歯根嚢胞
歯根嚢胞(しこんのうほう)とは、歯の根の先(根尖部)に袋状(嚢胞状)の病変が形成された状態を指します。多くは長期間にわたる根管内感染を背景として発生し、痛みなどの自覚症状が乏しいまま進行することも少なくありません。レントゲンやCTで「大きな影」「境界がはっきりした病変」として指摘され、抜歯を勧められて不安になり来院されるケースも多い疾患です。当院では、歯根嚢胞の成り立ちを正確に評価し、可能な限り歯を残すための歯内療法を行っています。
歯根嚢胞とは
歯根嚢胞は、根尖部に生じた慢性炎症が長期間持続することで、上皮成分が関与して袋状構造を形成した病変です。内容物として液体や半流動性物質を含み、周囲の骨を圧迫・吸収しながら拡大する性質があります。
根尖病変との違い
レントゲン上では、慢性根尖性歯周炎や根尖膿瘍と歯根嚢胞は似た所見を示すことがあります。しかし歯根嚢胞は、比較的大きく、境界が明瞭な透過像を呈することが多く、病変の性質や治療戦略が異なる場合があります。
主な症状
- 自覚症状がほとんどない
- 歯ぐきに違和感や軽い腫れを感じることがある
- 大きくなると噛みにくさや圧迫感が出る
- レントゲンやCTで偶然発見される
- 急性化すると痛みや腫れが出ることもある
原因
歯根嚢胞の原因は、歯の内部(根管)に存在する慢性的な細菌感染です。以下のような背景が関与します。
- 神経が死んだ歯を長期間放置している
- 不十分な根管治療後に感染が残存している
- 再感染を繰り返している根管治療歯
診断で重要なポイント
歯根嚢胞の診断では、単に「影があるかどうか」ではなく、病変の大きさ・形態・周囲骨との関係を正確に評価することが重要です。
- デンタルX線による病変の大きさ・境界評価
- 歯科用CTによる三次元的診断
- 根管内感染の状態評価
- 歯根破折や歯周疾患との鑑別
治療の基本方針
歯根嚢胞の治療においても、基本は原因である根管内感染の除去です。
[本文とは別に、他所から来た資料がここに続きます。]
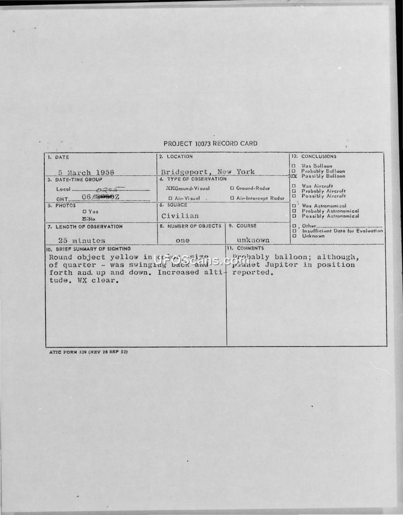 This report documents a March 1956 UFO sighting in Bridgeport, New York, by two witnesses. Investigators concluded the object was likely an illuminated weather balloon based on wind data and the lack of radar confirmation.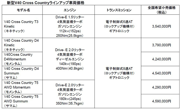 新型V40、V40 Cross Countryでは、新型XC90から導入された新しいグレード体系が採用され、ラインナップを刷新。V40が5グレードから7がグレードに、V40 Cross Countryで4グレードから6グレードとなり、その結果、ユーザーのニーズにこれまで以上に幅広く、きめ細かく応えることが可能となった。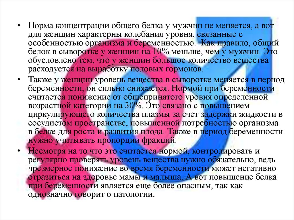 • Норма концентрации общего белка у мужчин не меняется, а вотдля женщин характерны колебания уровня, связанные с

病変そのものを外科的に摘出する前に、歯内療法による改善が見込めるかを慎重に評価します。
1)非外科的歯内療法(根管治療・再根管治療)
適切な根管治療により、嚢胞様病変が縮小・消失する例も少なくありません。当院ではマイクロスコープ・CTを用い、感染源を徹底的に除去します。
2)外科的歯内療法(歯根端切除術など)
非外科的治療で改善が得られない場合や、病変が非常に大きい場合には、歯根端切除術などの外科的歯内療法を検討します。必要に応じて病理検査を行い、確定診断を行います。
放置した場合のリスク
歯根嚢胞を放置すると、病変が拡大し顎骨の大きな欠損を生じる可能性があります。また、急性炎症を起こすと強い痛みや腫れを伴い、治療が複雑化することもあります。早期の専門的評価が歯の保存につながります。
よくある質問
- Q. 歯根嚢胞があると必ず手術になりますか?
- A. いいえ。
多くの場合、まずは非外科的な歯内療法を行い、
反応を見たうえで手術の必要性を判断します。 - Q. 抜歯しかないと言われましたが残せますか?
- A. 症例によりますが、
適切な歯内療法により歯を保存できる可能性は十分あります。
専門的な診断が重要です。 - Q. 病理検査は必要ですか?
- A. 外科的に摘出した場合には、
病変の性質を確認するため病理検査を行うことがあります。